ERIC Number: EJ1372298
Record Type: Journal
Publication Date: 2023-May
Pages: 15
Abstractor: As Provided
ISBN: N/A
ISSN: ISSN-1363-755X
EISSN: EISSN-1467-7687
Confirmatory Reinforcement Learning Changes with Age during Adolescence
Chierchia, Gabriele; Soukupová, Magdaléna; Kilford, Emma J.; Griffin, Cait; Leung, Jovita; Palminteri, Stefano; Blakemore, Sarah-Jayne
Developmental Science, v26 n3 e13330 May 2023
Understanding how learning changes during human development has been one of the long-standing objectives of developmental science. Recently, advances in computational biology have demonstrated that humans display a bias when learning to navigate novel environments through rewards and punishments: they learn more from outcomes that confirm their expectations than from outcomes that disconfirm them.

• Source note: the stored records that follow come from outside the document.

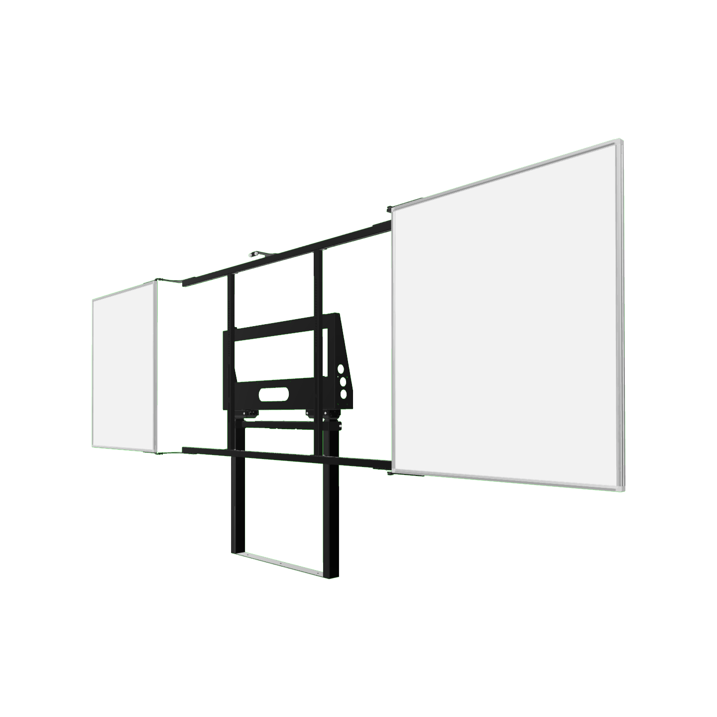 Die Pylonen lassen sich manuell in der Höhe verstellen, ohne zusätzlichen Mechanismus. Je nach Modell, können optional seitliche Tafeln ergänzt werden, z. B. klassische grüne Stahlemalie-Tafeln oder Whiteboards. So entsteht eine funktionale Einheit, die sowohl digitales als auch analoges Arbeiten unterstützt.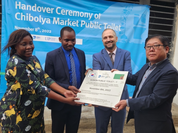 [금요저널] 수원시와 세계화장실협회가 잠비아 루사카시 치볼야마켓에 ‘수원화장실’을 건립하고 8일 준공식을 열었다.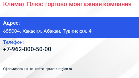 Климат-Плюс, торгово-монтажная компания по адресу 655004, Хакасия, Абакан, Тувинская, 4 в дальнейшем Организация, размещена в следующих категориях: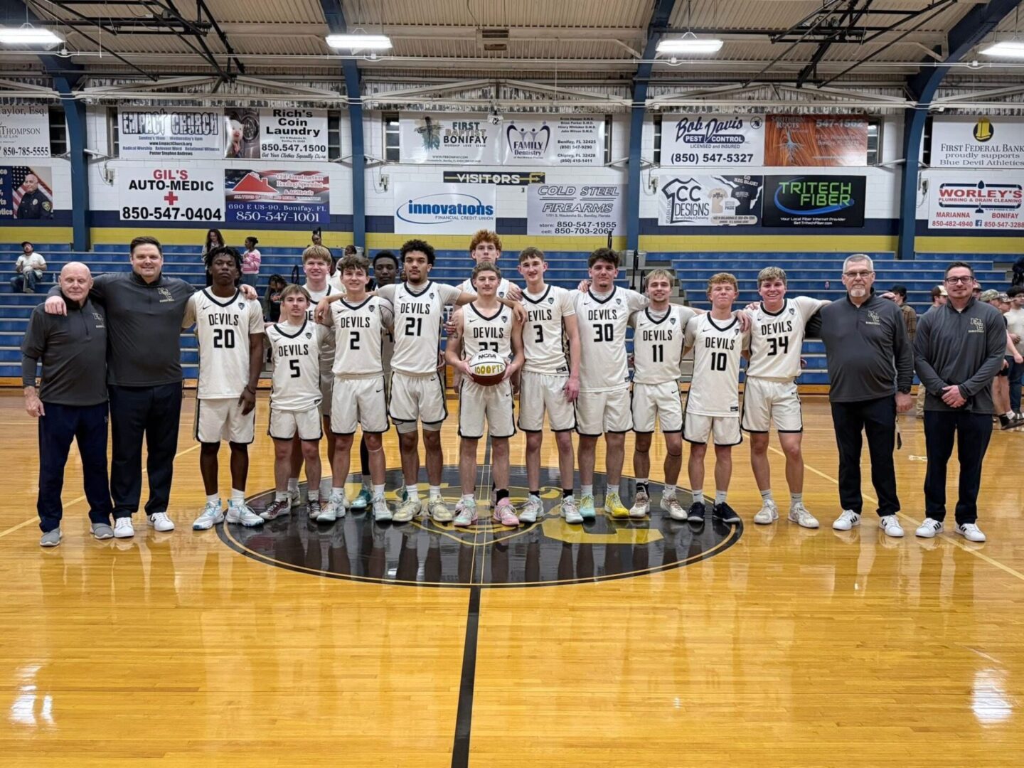 Clyde Roche (center) is surrounded by teammates and coaches of the Holmes County High School Blue Devils basketball team after surpassing the 1,000-career-point milestone during the Devils’ Jan. 30 matchup against Vernon, a moment the squad paused to celebrate together at midcourt.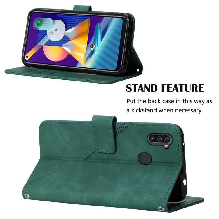 Funda Crossbody 3D En Relieve para Samsung Galaxy A11 / M11 Caja de Cuero (Verde Oscuro)

Here, we ask whether confirmatory learning is stable across development, or whether it might be attenuated in developmental stages in which exploration is beneficial, such as in adolescence. In a reinforcement learning (RL) task, 77 participants aged 11-32 years (four men, mean age = 16.26) attempted to maximize monetary rewards by repeatedly sampling different pairs of novel options, which varied in their reward/punishment probabilities. Mixed-effect models showed an age-related increase in accuracy as long as learning contingencies remained stable across trials, but less so when they reversed halfway through the trials. Age was also associated with a greater tendency to stay with an option that had just delivered a reward, more than to "switch" away from an option that had just delivered a punishment. At the computational level, a confirmation model provided increasingly better fit with age. This model showed that age differences are captured by decreases in noise or exploration, rather than in the magnitude of the confirmation bias. These findings provide new insights into how learning changes during development and could help better tailor learning environments to people of different ages.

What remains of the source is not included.